Supplied records:
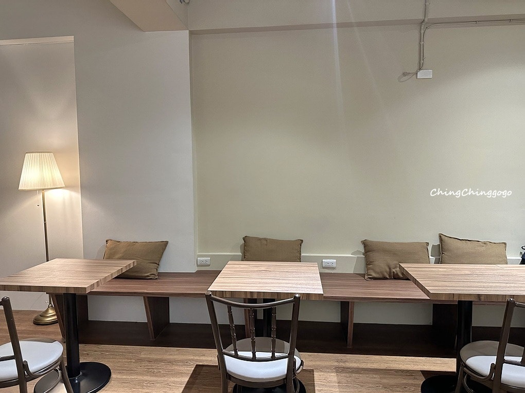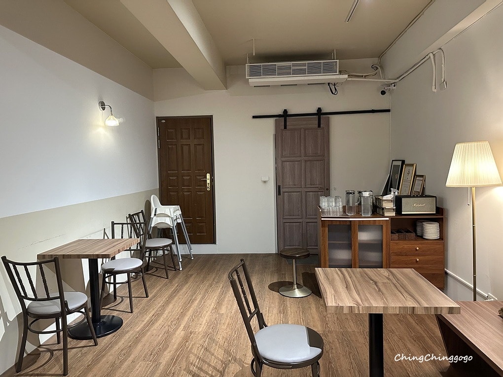 走上二樓的後方,一旁附有兒童座椅,各式刀、叉子、湯匙、盤子餐具和茶水給大家自取,舒適入座寬敞優雅環境,用餐時間瞬間很快的滿座,客人們邊吃美食邊聊天,感受得到用心打理唷~
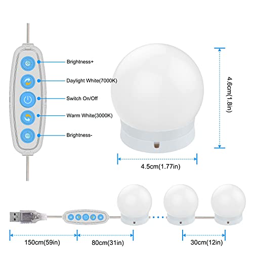 Funzione di memoria e luminosità regolabili a 5 livelli: questo kit di luci a specchio in stile hollywood offre una luminosità di 5 livelli. Ti permetterà di completare il trucco perfetto e la medicazione. È possibile selezionare la luminosità desiderata premendo il pulsante "+" e "-". La funzione di memoria intuitiva consente alle luci di rimanere sempre al livello di luminosità desiderato quando l'ultima volta è stata spenta.
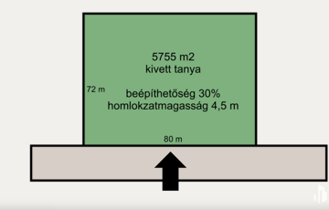 A fenyőerdővel körülvett telek mérete 5755 m2, amely maximális beépíthetősége 30%, lakóépület építése esetén 4,5 m a maximális homlokzat magasság. Az ingatlanra a villany bevezetésre került.
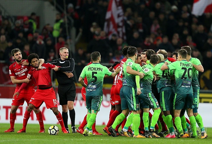 А теперь, когда против голландца в очередной раз был совершен достаточно грубый фол со стороны игрока "Спартака" из Нальчика, первым кто оказался в гуще событий был Георгий. И был он там не для того, чтобы затевать заварушка, а совсем наоборот - он тут же отвел от эпизода разгоряченного Промеса.
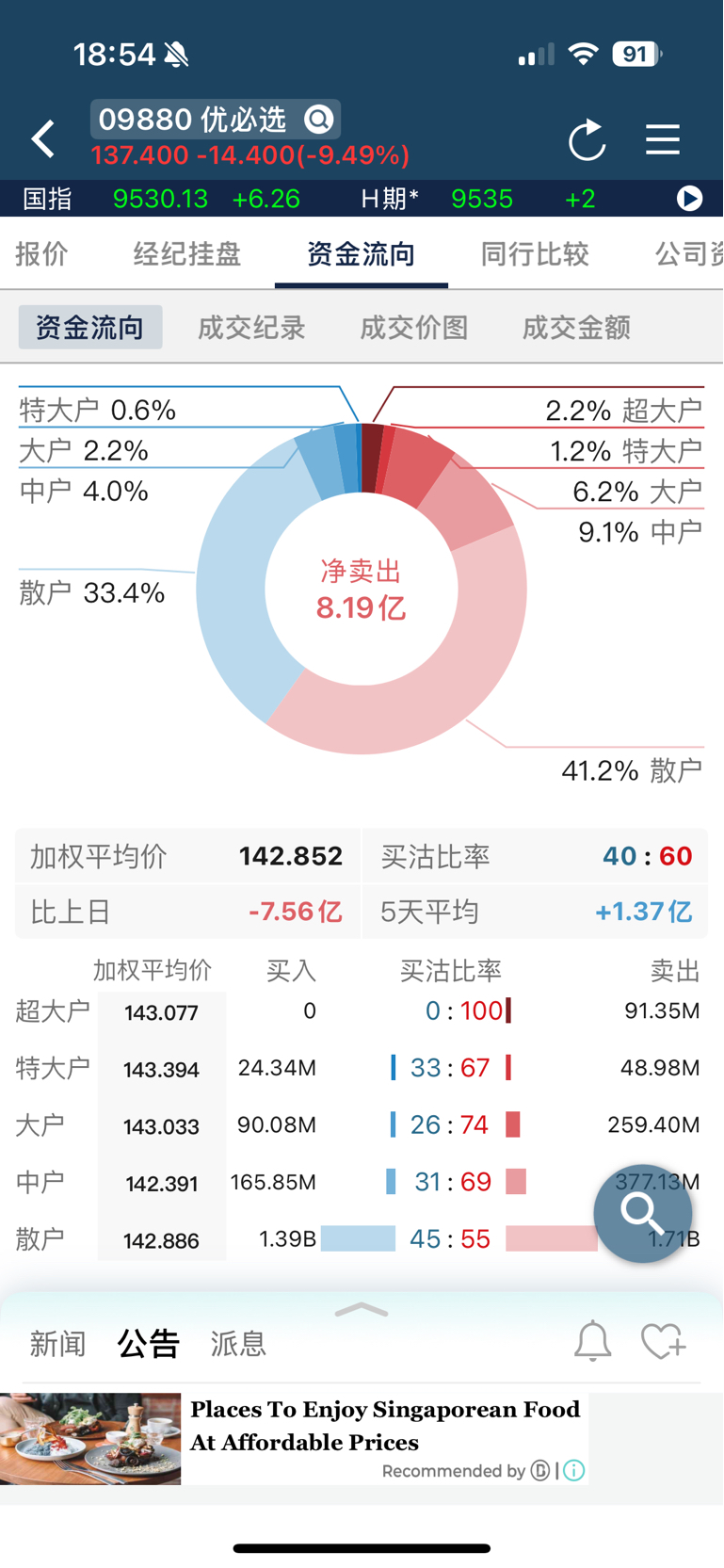 $优必选(HK|09880)$ 今天散户卖出的41. 2%,洗盘的可能性很大
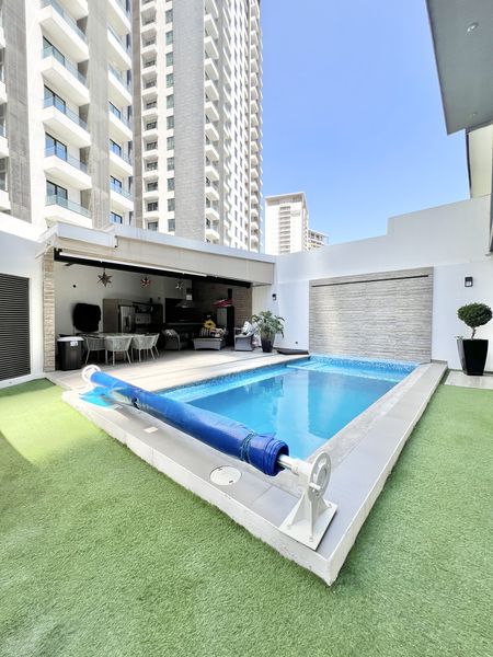 Alberca con área social y cocina completa
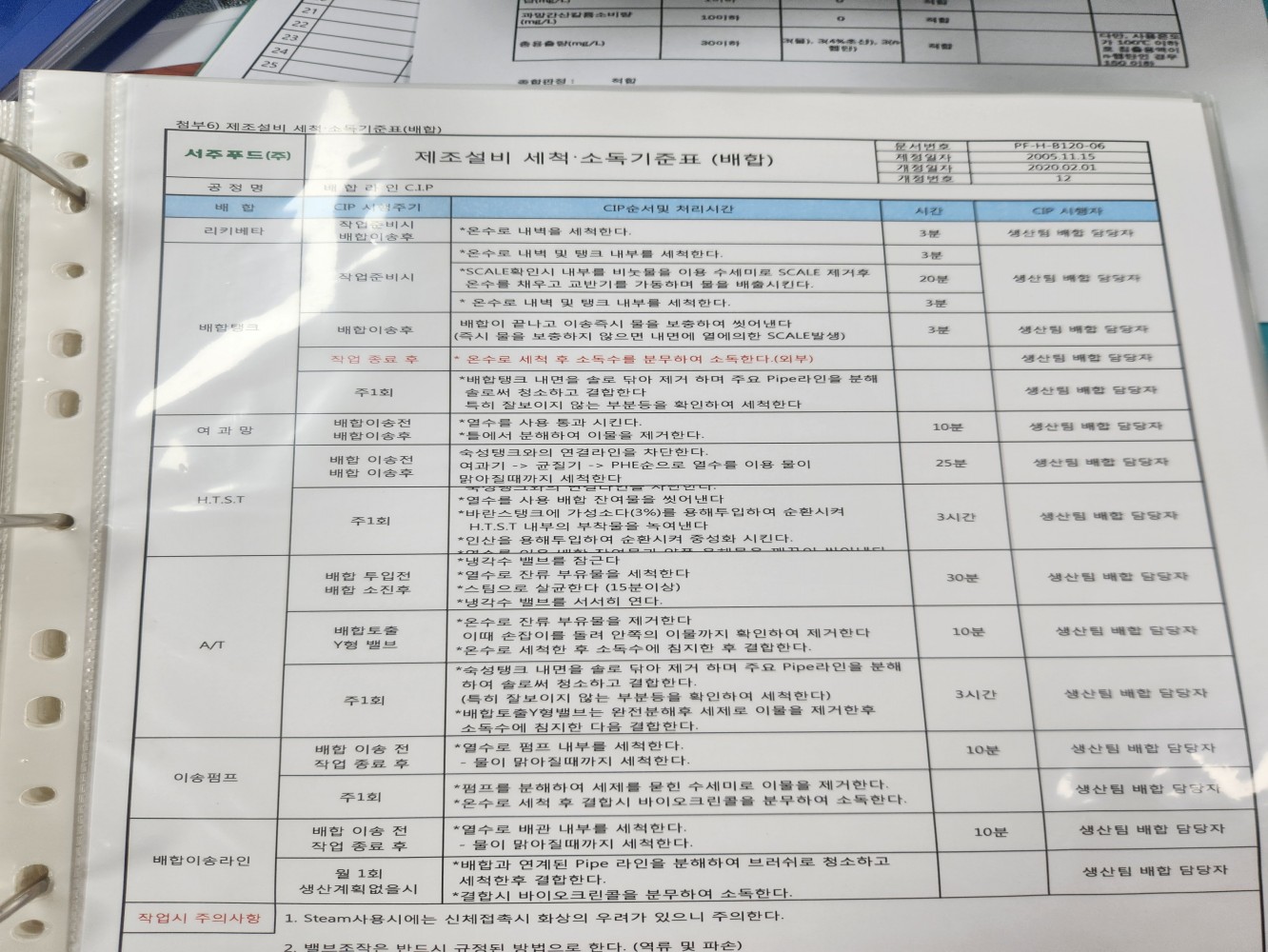 27. 시설 및 설비 등에 대한 세척/소독 관리 기준이 구비되어 있으며, 적절히 운영되는가(CIP 포함)

Directions for this task:
The entries above are to be restated verbatim, with no pictures carried over.

Solved exercise:
 走上二樓的後方,一旁附有兒童座椅,各式刀、叉子、湯匙、盤子餐具和茶水給大家自取,舒適入座寬敞優雅環境,用餐時間瞬間很快的滿座,客人們邊吃美食邊聊天,感受得到用心打理唷~
 Funzione di memoria e luminosità regolabili a 5 livelli: questo kit di luci a specchio in stile hollywood offre una luminosità di 5 livelli. Ti permetterà di completare il trucco perfetto e la medicazione. È possibile selezionare la luminosità desiderata premendo il pulsante "+" e "-". La funzione di memoria intuitiva consente alle luci di rimanere sempre al livello di luminosità desiderato quando l'ultima volta è stata spenta.
 A fenyőerdővel körülvett telek mérete 5755 m2, amely maximális beépíthetősége 30%, lakóépület építése esetén 4,5 m a maximális homlokzat magasság. Az ingatlanra a villany bevezetésre került.
 А теперь, когда против голландца в очередной раз был совершен достаточно грубый фол со стороны игрока "Спартака" из Нальчика, первым кто оказался в гуще событий был Георгий. И был он там не для того, чтобы затевать заварушка, а совсем наоборот - он тут же отвел от эпизода разгоряченного Промеса.
 $优必选(HK|09880)$ 今天散户卖出的41. 2%,洗盘的可能性很大
 Alberca con área social y cocina completa
 27. 시설 및 설비 등에 대한 세척/소독 관리 기준이 구비되어 있으며, 적절히 운영되는가(CIP 포함)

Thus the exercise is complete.